Double anorark alert - actually £50m for a station may sound a little pricey but the economic benefits they'd need to justify that are only about £2.5-3m a year (for any economists reading the government uses a real discount rate of 3%). Given the value they put on people's time (I seem to remember about £5-10 an hour) this would be justified by about 10,000 people saving 15 minutes each on 200 days a year. Maybe a train spotter type can tell us whether that sounds realistic for the benefits of a new tube connection - sounds fairly reasonable to me.


----------



## lang rabbie (Aug 19, 2004)

The "funding package" for the East London Line is only for "phase 1" - to Dalston Junction, West Croydon and Crystal Palace.    

The Clapham Junction branch running through Brixton is now in "phase 2", with no confirmed timetable.    (The northern extension to Highbury and Islington is similarly delayed.)

TFL press release 20 July

TFL map of initiatives including two phases of ELL

Sadly, I'm not surprised, as this is exactly what I predicted on 21 April  when Val Shawcross was making a song and dance about her support for the Brixton and Loughborough Junction stations (just before the local elections).


----------



## Brixton Hatter (Aug 20, 2004)

PacificOcean said:
			
		

> Tecnichally Clapham Junction is already connected to the tube.  At East Putney the District Line branches off and connects to the bit between Putney and Clapham Junction on the South West Trains Line.


The Mayor *promised * to put Clapham Junction on the tube map a few years ago: he said he'd get them to redraw all the tube maps so that a little dotted line went from Victoria to Clapham Junction.   

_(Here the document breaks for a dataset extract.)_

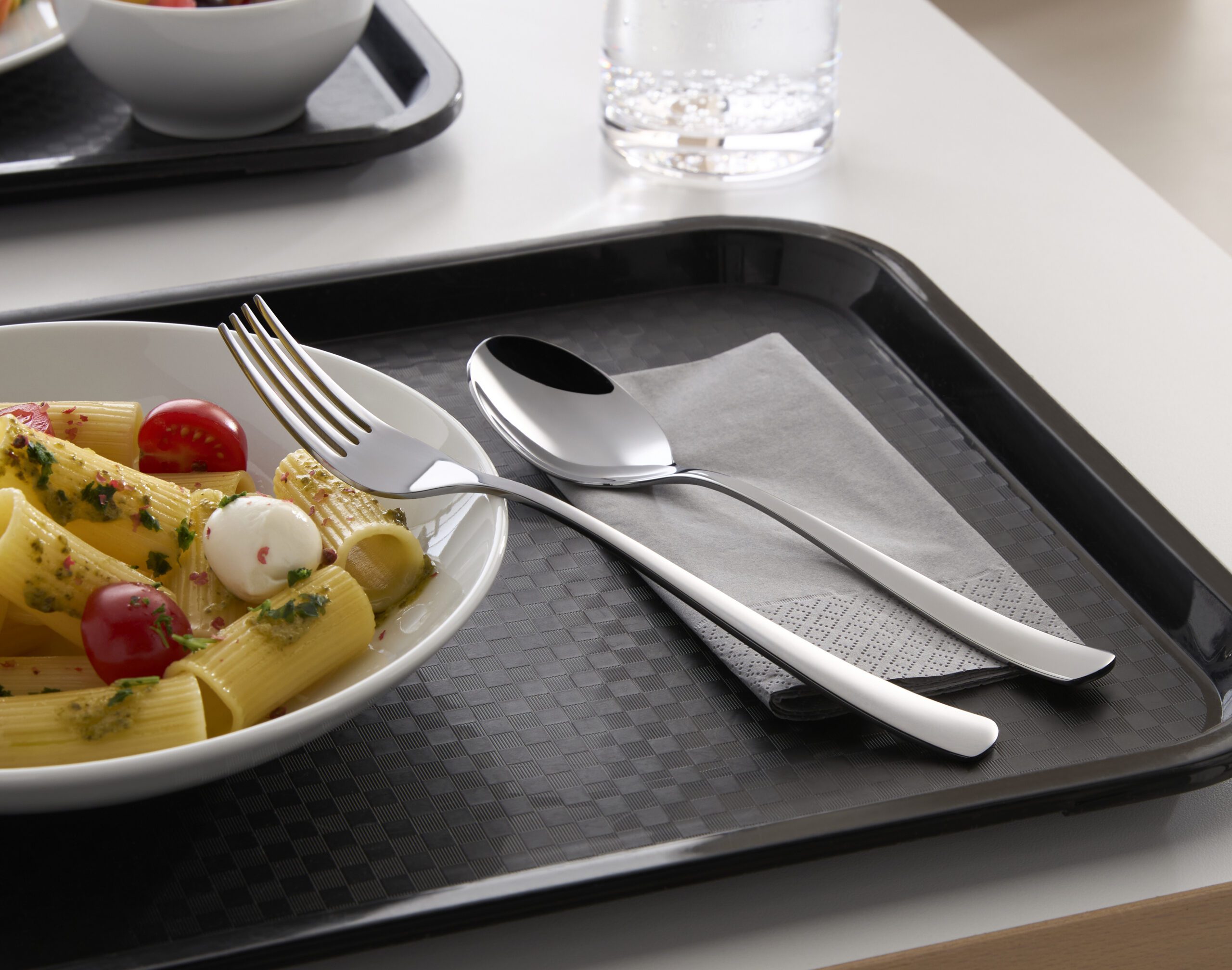 Das bewusst neutral gehaltene Design fügt sich harmonisch in bestehende Bestecksortimente ein und erleichtert den systemübergreifenden Ersatz einzelner Teile. Für Betreiber entsteht dadurch eine hohe Flexibilität bei Nachbestellungen sowie die Möglichkeit, Bestände schrittweise zu ergänzen oder zu erneuern, ohne die visuelle Einheit der Ausstattung zu verändern. Ein weiterer zentraler Aspekt ist die materialtechnische Differenzierung. EVO ist in den Edelstahlvarianten 18/10 sowie 18/0 erhältlich und deckt damit unterschiedliche Einsatzprofile ab. 18/0 adressiert beispielsweise ganz gezielt Betriebe mit automatisierten Spülprozessen: Die magnetischen Eigenschaften ermöglichen eine zuverlässige Bestecktrennung in Spülstraßen und unterstützen effiziente Rückführungs- und Sortierprozesse bei hohem Durchsatz.

(Not a bad idea IMHO, seeing as many people (esp tourists) don't realise that trains run from Victoria to Clapham Junction at pretty much the same frequency as most tube lines run trains - every 5 mins or so)


----------



## hatboy (Aug 20, 2004)

Lang, since these rail annoucements I can't get the mayor's office to confirm that the tram for Brixton will still come. They evade the question. Can you or others try?


----------



## lang rabbie (Aug 20, 2004)

hatboy said:
			
		

> Lang, since these rail annoucements I can't get the mayor's office to confirm that the tram for Brixton will still come. They evade the question. Can you or others try?



AFAIK No public change of stance (i.e. it is still usually described as a tram, not just as transit, which could be a segregated bus route), just no guarantee of money.  

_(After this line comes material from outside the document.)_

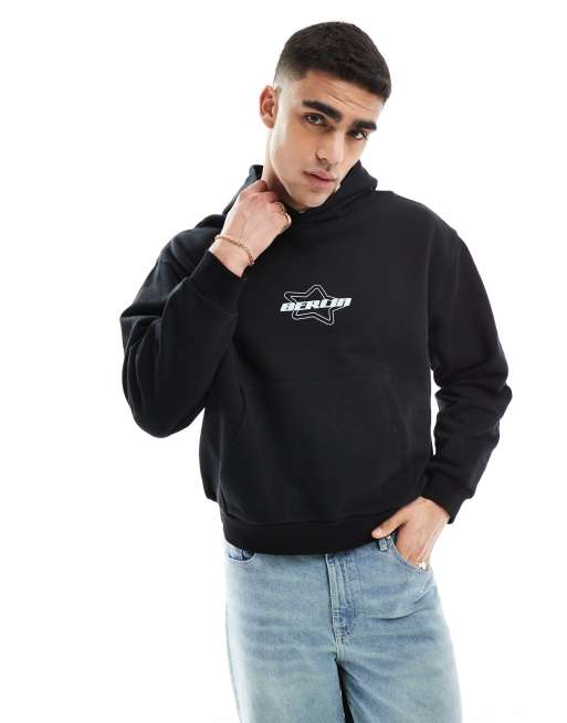 ASOS DESIGN - Ruime hoodie in zwart met Berlin-print

Think that the likely timetable for Government to announce the rest of the transport plans following Gordon Brown's spending review is some time in November.

IMHO Priorities for the various tram/transit/tube/rail proposals are likely to favour docklands/east London if the Olympic bid is successful.


----------



## lang rabbie (Sep 9, 2004)

*From minutes of Mayor's Question Time - 15 July 2004*

For your information... 



> East London Line
> Question No: 858 / 2004
> Valerie Shawcross
> 
> ...


----------



## PacificOcean (Sep 9, 2004)

Brixton Hatter said:
			
		

> The Mayor *promised * to put Clapham Junction on the tube map a few years ago: he said he'd get them to redraw all the tube maps so that a little dotted line went from Victoria to Clapham Junction.
> 
> (Not a bad idea IMHO, seeing as many people (esp tourists) don't realise that trains run from Victoria to Clapham Junction at pretty much the same frequency as most tube lines run trains - every 5 mins or so)



What's in Clapham Junction that draws the tourists?


----------



## Poi E (Sep 9, 2004)

PacificOcean said:
			
		

> What's in Clapham Junction that draws the tourists?



Britains busiest railway station, silly.


----------



## citydreams (Sep 9, 2004)

lang rabbie said:
			
		

> For your information...



Which part of Transport for London will be looking at this?


----------



## lang rabbie (Sep 9, 2004)

citydreams said:
			
		

> Which part of Transport for London will be looking at this?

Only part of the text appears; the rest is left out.